For one, Sen. McCain is expected, as one commentator put it, to behave as a George W. Bush on steroids. Some go as far as depicting him as a candidate who aspires to become President McBush, because so many of his policies would duplicate Bush's policies. For example, Sen. McCain is partisan of the imperial presidency theory, advanced and practiced in recent years by the Bush-Cheney administration. As recently as last May 6, he confirmed that if he were elected President, he would enthusiastically throw out the restraint on power established by the constitutional checks and balances and would embrace the Bush-Cheney's claim of near absolute executive power. McCain is especially worried that the courts could stick to the letter and spirit of the U.S. Constitution and reject attempts by the President to establish a quasi dictatorship while dismissing Congress' prerogatives. In McCain's words, presidential executive power in the U.S. is too constrained by a judiciary that "show little regard for the authority of the president." On this very question, however, Sen. McCain seems to want it both ways. Is this sincere or is it solely a way to create confusion? For instance, on May 15, he tried to distance himself from the Bush-Cheney administration and professed that he now embraces the constitutional concept of checks and balances. Which McCain is the real McCain? Obviously, further clarifications are urgently needed.

Secondly, on foreign policy more than anywhere else, McCain can be expected to be a McBush plus. He can be expected to be a mixture of a simplistic George W. Bush and of a rabidly nationalistic and interventionist Dick Cheney, the last two always ready to immorally bomb people and ask questions later. McCain stands ready to continue the Bush-Cheney's insane foreign policy. Therefore, no one should expect that he would be much different than what this duo has stood for over the last eight years, which is aggressive global interventionism, disastrous unilateralism and excessive militarism. Under McCain, the United States would still be the global bully of the planet. This will lead to more geopolitical instability worldwide, more debt for the United States, and more economic disruptions in trade, especially for oil and commodities. There will be a high economic price to pay with a McCain presidency, make no mistake about it. The current slowdown or recession may be only a harbinger of things to come.

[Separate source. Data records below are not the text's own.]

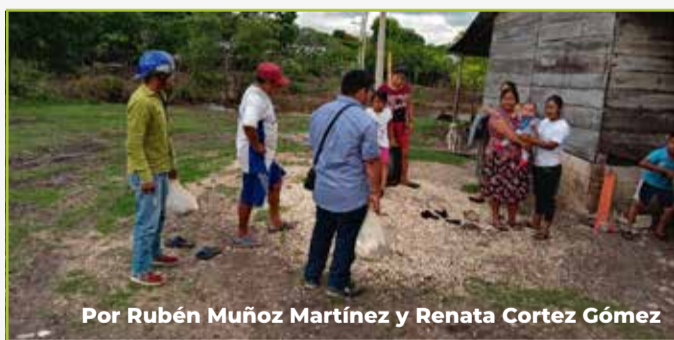
Por Rubén Muñoz Martínez y Renata Cortez Gómez
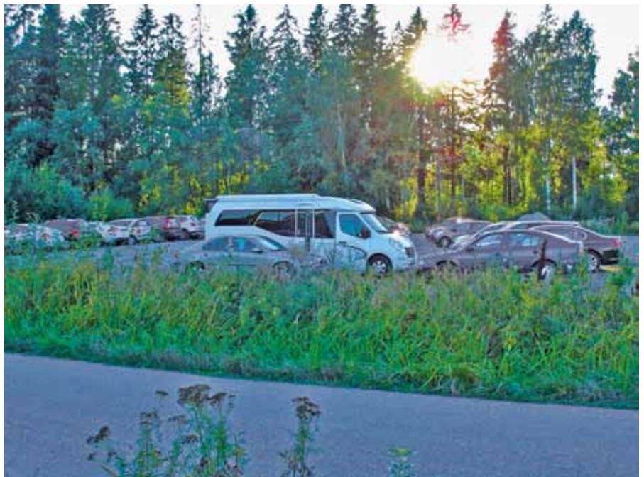
Jätetään parkkipaikoille ajoväylät.
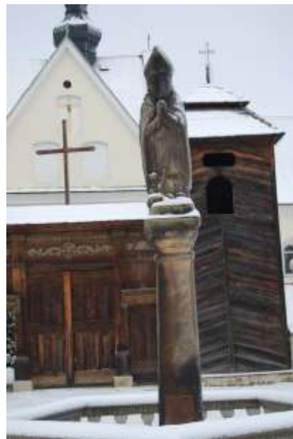
Zdjęcie 29 :Figura Chrystusa Frasobliwego, Zdjęcie 30: Figura św. Stanisława Biskupa w Krynkach

Równie znana i widoczna jest kapliczka św. Jana Nepomucena w Lubieni , kapliczka w Lipiu z 1849 postawiona w dobie panowania epidemii cholery oraz kapliczka z 1912 roku w Stykowie.
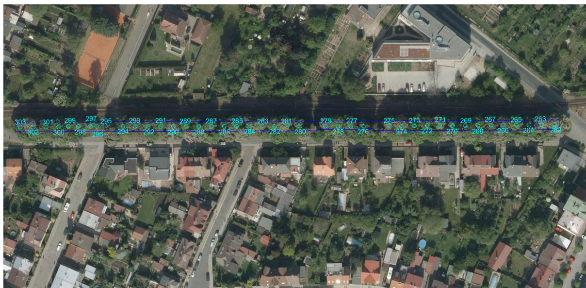
Obr. Oplocení první řady Kaštanky, mezi dřevinou 263 a 264 zůstane místo pro průjezd

V Opatovické ulici bude chráněna první řada jírovců maďalů (tzv. Kaštanka), celkem 42 dřevin, která je v kolizi s kabelovou trasou zabezpečovacího zařízení. V Gočárově třídě budou chráněny platany v záboru stavby. Oplocení větších skupin stromů bude provedeno pevně ukotvenými stavebními dílci (ponechání průjezdů pro mechanizaci), po ukončení stavby dojde k provzdušnění v místech pojezdu.
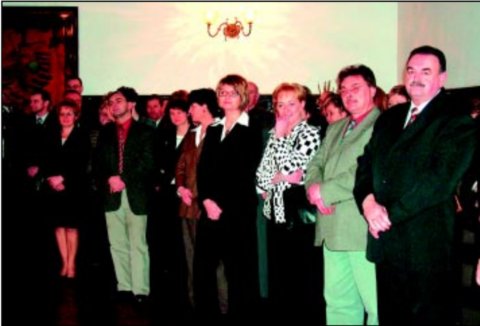
Noworoczne spotkanie Burmistrza z przedsiębiorcami w 2005 r.
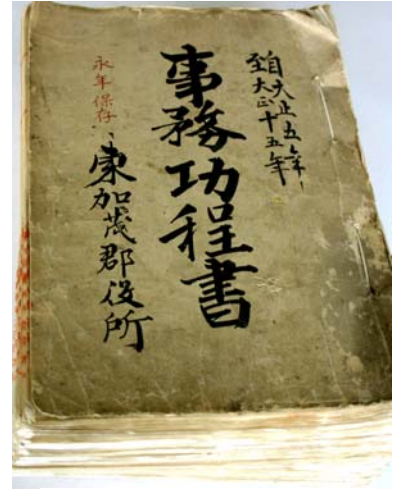
事務功程書 〔郡役所文書〕

地籍図(地籍字分全図)とは、明治十七年に作成された地図で、原則一村が一枚の和紙に、千二百分の一の縮尺で記載されています。上記の地籍図は現在の知立市八橋町のものです。
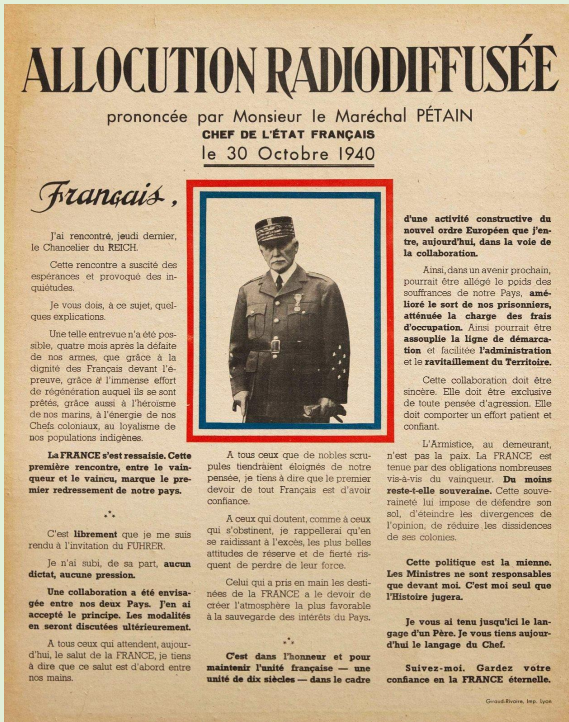
Affiche de l'Etat Français, 1940. ADI, 13 R 799

L'analyse des documents constitue le cœur de l'exercice, mais elle doit, pour être menée à bien, s'appuyer sur des connaissances personnelles.
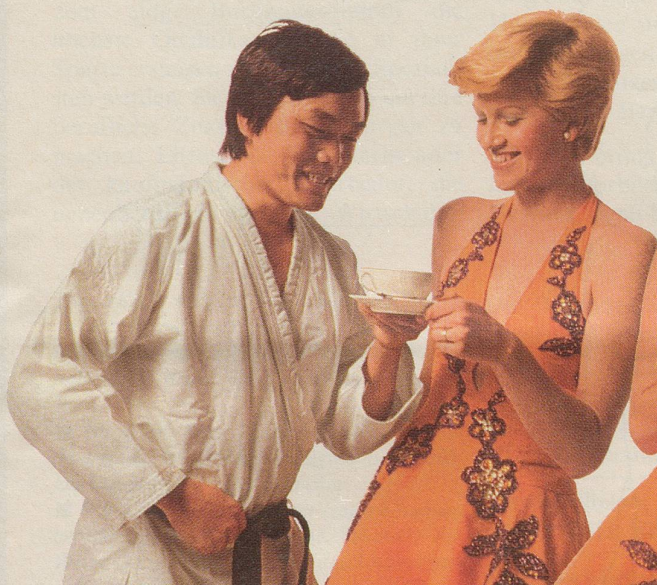
Der Karatemeister lädt die Tourniertänzerin zu einem Tässchen INCAROM ein.
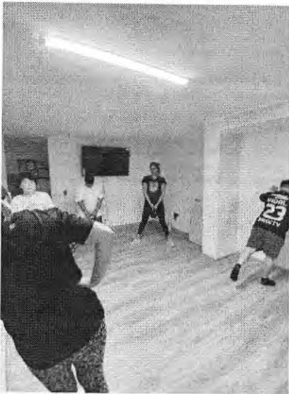
Gimnasia entretenida lunes y viernes de 19:00 a 20:00 Kennedy 4917 (edificio K1)
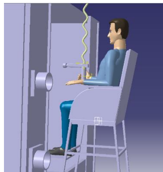
شکل ۲: شبیه‌سازی ایستگاه کاری پیشنهادی در محیط کتیا

جزئیات ایستگاه کار را قبل از ساخت ارزیابی کرد [۳۸]. تغییر زاویه در مفاصل مدل شبیه‌سازی شده در محیط نرم‌افزار نشان داد با حفظ عملکرد و حدود دسترسی می‌توان سطح ریسک را تا حد زیادی کاهش داد [۳۹]. همچنین در خصوص اصلاح ایستگاه کاری تحقیقات مشابهی انجام شده است [۴۰-۴۲]. Swinton و همکاران در مطالعه‌ای که به منظور ارزیابی اثربخشی مداخله ارگونومی در طراحی صندلی انجام دادند، به این نتیجه رسیدند که سطح خطر پس از مداخله به صورت معنی‌داری کاهش یافته است [۴۳]. در مطالعه Gonen و همکاران نیز مونتازژ در نرم‌افزار کتیا طراحی شد و بعد از ساخت آن به جای دو مونتازژ کار، به یک نفر نیاز بود. در نتیجه زمان تولید ۶۰ درصد کاهش یافت و کارگر دوم می‌توانست در میز دیگری کار کند [۲۰].
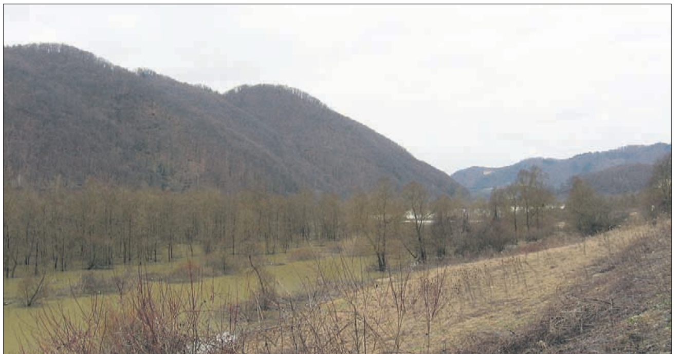
Dolga in težka pot do ponovne ojezeritve Vonarskega jezera, ki bo na območju dveh držav. Podjetje, ki je zarast na fotografiji v zadnjem času posekalo brez dovoljenja, si je prislužilo kazensko ovadbo.

Po dogovoru z ministrstvom za okolje in prostor iz leta 2007 izdeluje občina za Turistično rekreacijski cen-
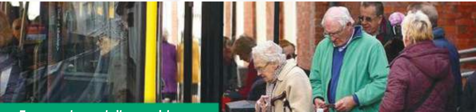
Transporte gratuito aos idosos
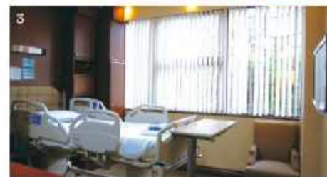
1. 笑顔で緊張を和らげてくれるタン先生。2. 日本の雑誌や絵本が揃う、アットホームな雰囲気のある待合室。 3. 明るく清潔なグレンイーグルスの個室。検査や入院の際に移動が少なく、産後も快適。4. 美容サロンでも使用されるラジオ波による肌の引き締めマシン。マタニティ・パッケージには産後2回の施術が含まれる。
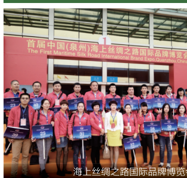
海上丝绸之路国际品牌博览会

11月28日—30日，首届中国（泉州）海上丝绸之路国际品牌博览会在南安市福建成功国际会展中心成功举办，南安市中国旅行社负责配合市政府接待来自境外参展商、

Indeed, listening to him, one has the feeling that Sen. McCain has never met a war he didn't like. For instance, if it were only up to him, American soldiers would still be in Vietnam, where he was a pilot, flying fighter-bombers that dropped bombs over North Vietnam. He has also said that he would like to intervene even more directly in South America. And in the Middle East, he has said that he would not mind having an American military occupation of that region for another one hundred years. In McCain's view, Iraq is an American colony forever, thus making sure there will be permanent war and permanent military occupation in that part of the world. In 1999, McCain even lobbied the Clinton administration to have the U.S. invade Yugoslavia with ground troops. America's Founders would be turning in their graves if they could see their cherished republic becoming a militaristic empire!

Thirdly, Sen. McCain does not seem to know or care about international law. Indeed, not only is Sen. McCain constantly confusing the Sunnis and the Shi'ites in Iraq, after all these years, but he seems to be completely lost as to the true meaning of "preemptive" war versus "preventive" war. A preemptive war or a preemptive strike is a self-defensive measure which is taken against a foreign country that poses an imminent and inevitable threat because it is about to invade, or is threatening to attack shortly. A preventive war is rather a war of choice or a war of aggression that is launched in anticipation of a loss of security or strategic advantage in a more or less far away future, or to gain foreign territories and resources. While a preemptive war is essentially defensive in nature, a preventive war is fundamentally imperialistic. In McCain's vocabulary, the two notions are confused since he says that he would not rule out launching preemptive wars, when in fact he means launching preventive wars of aggression “against future enemies” who pose no immediate threat to the United States.